Commanders and leaders
- Carlos M. de Céspedes †; Salvador Cisneros Betancourt; Juan Bautista Spotorno; Tomás Estrada Palma (POW); Francisco Javier de Céspedes; Vicente García González; Titá Calvar; Domingo Méndez Capote; Manuel de Quesada; Ignacio Agramonte †; Carlos Roloff; Ángel del Castillo †; Honorato del Castillo †; Miguel J. Gutiérrez †; Calixto García (POW); Antonio Maceo; Perucho Figueredo †; Francisco V. Aguilera †; Donato Mármol †; Máximo Gómez; Luis Marcano †; Modesto Díaz; Thomas Jordan; Henry Reeve †;: Francisco Lersundi Hormaechea; Domingo Dulce; Blas Villate; Felipe Ginovés; Antonio Caballero; Francisco Ceballos; Cándido Pieltaín; Joaquín Jovellar; José Gutiérrez; Camilo Polavieja; Arsenio Campos; Valeriano Weyler; Eusebio Puello;

Strength
- 10,000–20,000 (1869); 10,000–12,000 (1873); 8,000+ (1878);: 181,000 (mobilized throughout the war); 30,000 (1868); 40,000 (late 1869); 55,000 (1870); 30,000 (1875);

Casualties and losses
- 50,000 dead: 81,248 dead (7,000 killed in action, 75,000 died from disease)

= Ten Years' War =

1868–1878 Cuban uprising against Spanish rule

The Ten Years' War (Guerra de los Diez Años; 1868–1878), also known as the Great War (Guerra Grande) and the War of '68, was a war of independence of Cuba from Spain.
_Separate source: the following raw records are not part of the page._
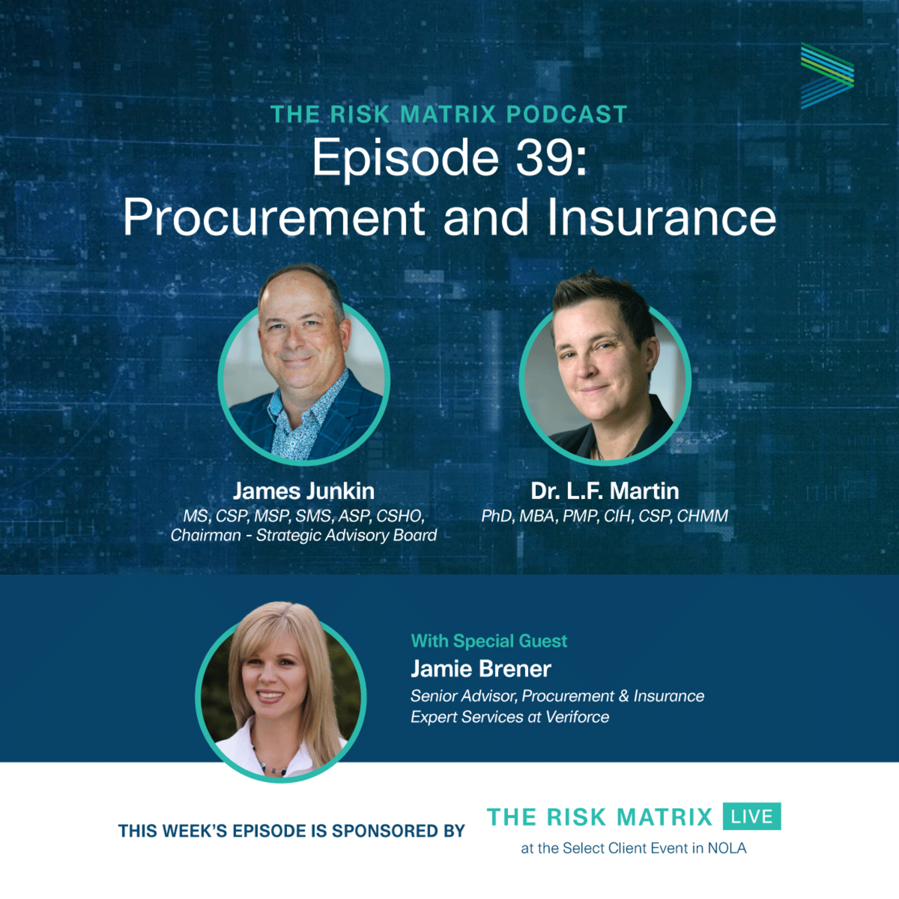 The Risk Matrix is your premier destination for insightful discussions on risk management and health and safety, with captivating topics, insightful strategies, and more. Hosted by James Junkin MS, CSP, MSP, SMS, ASP, CSHO Chief Executive Officer at Mariner-Gulf Consulting & Services, Veriforce Master Trainer, and Chairman of the Veriforce Strategic Advisory Board and Dr. L.F. Martin, PhD, MBA, PMP, CIH, CSP, a Technical Expert in Health and Safety, Industrial Hygiene, Risk, Auditing/Inspection, and ESG.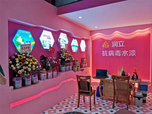 門店內(nèi)的整體設(shè)計(jì)簡潔,給人一種明亮大氣的感覺,潤立漆LOGO放在背景墻的中間位置,背景墻統(tǒng)一涂刷成大膽喜慶的玫紅色,寓意潤立漆生意紅紅火火。從店面布局來看,它一改傳統(tǒng)涂料專賣店密密麻麻擺滿涂料產(chǎn)品的布局,兩端為產(chǎn)品陳設(shè)區(qū),中間為簡潔空敞的洽談區(qū),給客戶帶來耳目一新的感覺。每一個(gè)木樁上安置一桶抗病毒涂料,表達(dá)了潤立漆追求健康、環(huán)保、天然的理念。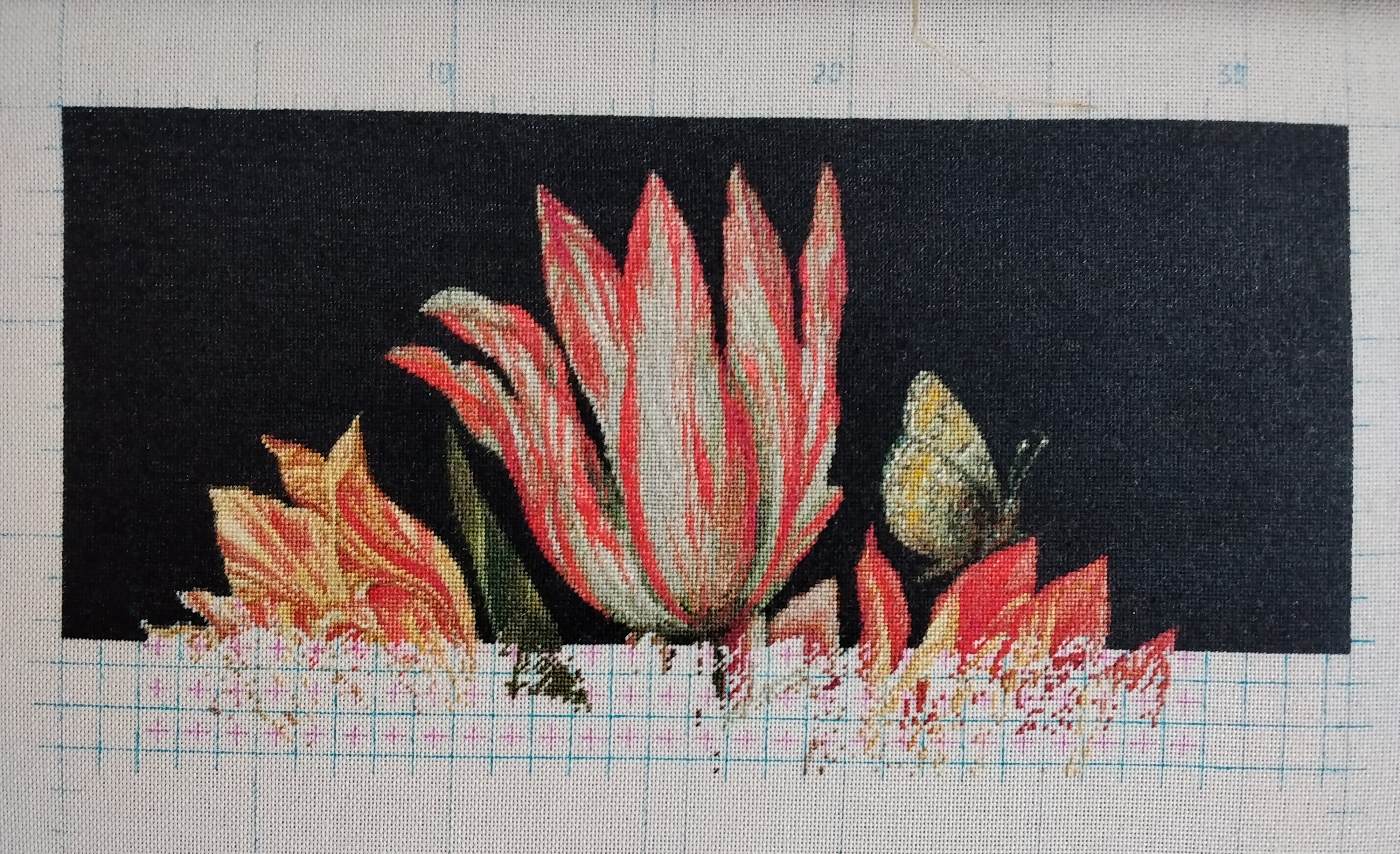 | Здравствуйте! ЛФ1030 "Попугайные тюльпаны" 1/4 работы отшита.

The uprising was led by Cuban-born planters and other wealthy natives. On 10 October 1868, sugar mill owner Carlos Manuel de Céspedes and his followers proclaimed independence, beginning the conflict. This was the first of three liberation wars that Cuba fought against Spain, the other two being the Little War (1879–1880) and the Cuban War of Independence (1895–1898). The final three months of the last conflict escalated with United States involvement, leading to the Spanish–American War.

==Background==
===Slavery===
The Cuban bourgeoisie demanded fundamental social and economic reforms from the Spanish Crown. Lax enforcement of the slave trade ban had resulted in a dramatic increase in imports of Africans, estimated at 90,000 slaves from 1856 to 1860. This occurred despite a strong abolitionist movement on the island, and rising costs among the slave-holding planters in the east. New technologies and farming techniques made large numbers of slaves unnecessary and prohibitively expensive. In the economic crisis of 1857 many businesses failed, including many sugar plantations and sugar refineries. The abolitionist cause gained strength, favoring a gradual emancipation of slaves with financial compensation from the government for slaveholders. Additionally, some planters preferred hiring Chinese immigrants as indentured workers and in anticipation of ending slavery. Before the 1870s, more than 125,000 were sent to Cuba.

In May 1865, Cuban criollo elites placed four demands upon the Spanish Parliament: tariff reform, political representation in Parliament, judicial equality for all Spaniards (including Cubans), and full enforcement of the slave trade ban.

===Colonial policies===
The Spanish Parliament at the time was changing; gaining much influence were reactionary, traditionalist politicians who intended to eliminate all liberal reforms. The power of military tribunals was increased; the colonial government imposed a six percent tax increase on the Cuban planters and businesses. Additionally, all political opposition and the press were silenced. Dissatisfaction in Cuba spread on a massive scale as the mechanisms to express it were restricted. This discontent was particularly felt by the powerful planters and hacienda owners in Eastern Cuba.

The failure of the latest efforts by the reformist movements, the demise of the "Information Board," and another economic crisis in 1866/67 heightened social tensions on the island. The colonial administration continued to make huge profits which were not re-invested in the island for the benefit of its residents. It funded military expenditures (44% of the revenue), colonial government's expenses (41%), and sent some money to the Spanish colony of Fernando Po (12%). The European Spaniards (known as peninsulares) concentrated a good deal of the island's wealth through their paramount role in Cuban trade. In addition, the Cuban-born population still had no political rights and no representation in Parliament. Objections to these conditions sparked the first serious independence movement, especially in the eastern part of the island.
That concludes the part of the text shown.